The United States’ joint attack with Israel against Iran deeply involves San Diego’s USS Abraham Lincoln, one of the most distinguished and technologically advanced nuclear-powered aircraft carriers in the world and a veteran of major wars in the Middle East.
The 1,092-foot flattop is the flagship of a nine-ship strike group that features upward of 60 aircraft and 7,000 personnel. Two of the group’s escorts, the destroyers USS Spruance and USS Pinckney, also are based in San Diego, the headquarters of the Third Fleet.
The aircraft now aboard the Lincoln come from Naval Air Station North Island, Marine Corps Air Station Miramar, and bases at Point Magu, Lemoore, located in the Central Valley and Whidbey Island, Washington.
The 37 year-old carrier is operating in Arabian Sea with a mix of F/A-18 multi-role fighter jets and new generation F-35C stealth fighters. Four years ago, Lincoln became the first carrier to deploy with F-35Cs. Both of these aircraft carry precision-guided air-to-air and air-to-ground missiles, giving the carrier range and power.
The strike-group also features six Arleigh-Burke-class destroyers, which are known as the workhorse of the Navy because they are so versatile.
Burke destroyers stock Tomahawk cruise missiles, a weapon that became famous during Operation Desert Storm in 1991 because they were used so effectively by ships and submarines. Tomahawks were originally developed by the Convair division of General Dynamics in San Diego and some of the missiles can travel about 1,000 miles.
The destroyers are indispensable to the Navy but they lack the glamour of aircraft carriers, notably the Lincoln, which was commissioned in 1989 during the waning years of the Cold War.
Sailors on board the USS Abraham Lincoln (CVN-72) man the rails on their return to San Diego and NAS Coronado on Friday, Dec. 20, 2024, in Coronado, CA. (Nelvin C. Cepeda / The San Diego Union-Tribune)
The carrier became widely known in June 1991, during its first deployment, when it spearheaded a 23-ship armada that evacuated almost 45,000 people from Luzon Island in the Philippines following the eruption of Mount Pinatubo. It then traveled to the Persian Gulf and provided air support and reconnaissance after the main fighting had ended in Operation Desert Storm.
The Lincoln returned to the region several times in the 1990s to help enforce the no-fly zone over southern Iraq. And in March 2003 it helped lead the so-called “shock and awe” phase of Operation Iraqi Freedom, carrying out more than 2,300 combat missions. Two months later, President George W. Bush famously declared during a visit to the Lincoln that major combat operations had ended. But the conflict lasted, in various ways, for almost nine years.

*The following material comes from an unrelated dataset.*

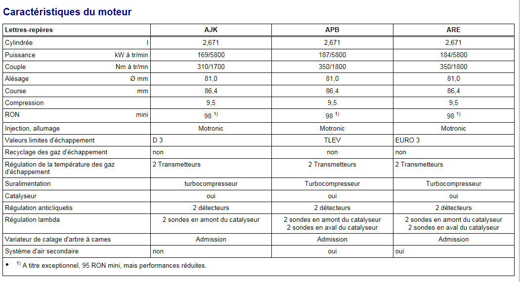 5. Une petite question, qui n'est pas directement liée à mon problème. Il me semblait que le 2.7t prenait du SP95 (c'est même ce qui est marqué dans ma trappe d'essence il me semble) mais je viens de voir que dans ELSAwin c'est du SP98 qui est préconisé avec du SP95 autorisé à titre exceptionnel avec une perte de puissance... Pour le moment c'est du SP95 dans son réservoir du coup. Il boit quoi votre 2.7t?

The carrier — which many sailors call “Abe” — has deployed to the Middle East several times since 2019, mostly due to tensions with Iran.
The Lincoln left San Diego on its latest deployment in Nov. 2025. It was initially assigned to patrol the Indo-Pacific. President Donald Trump diverted the ship to the Middle East in mid-January due to rising tensions with Iran, which has refused to abandon its nuclear weapons program.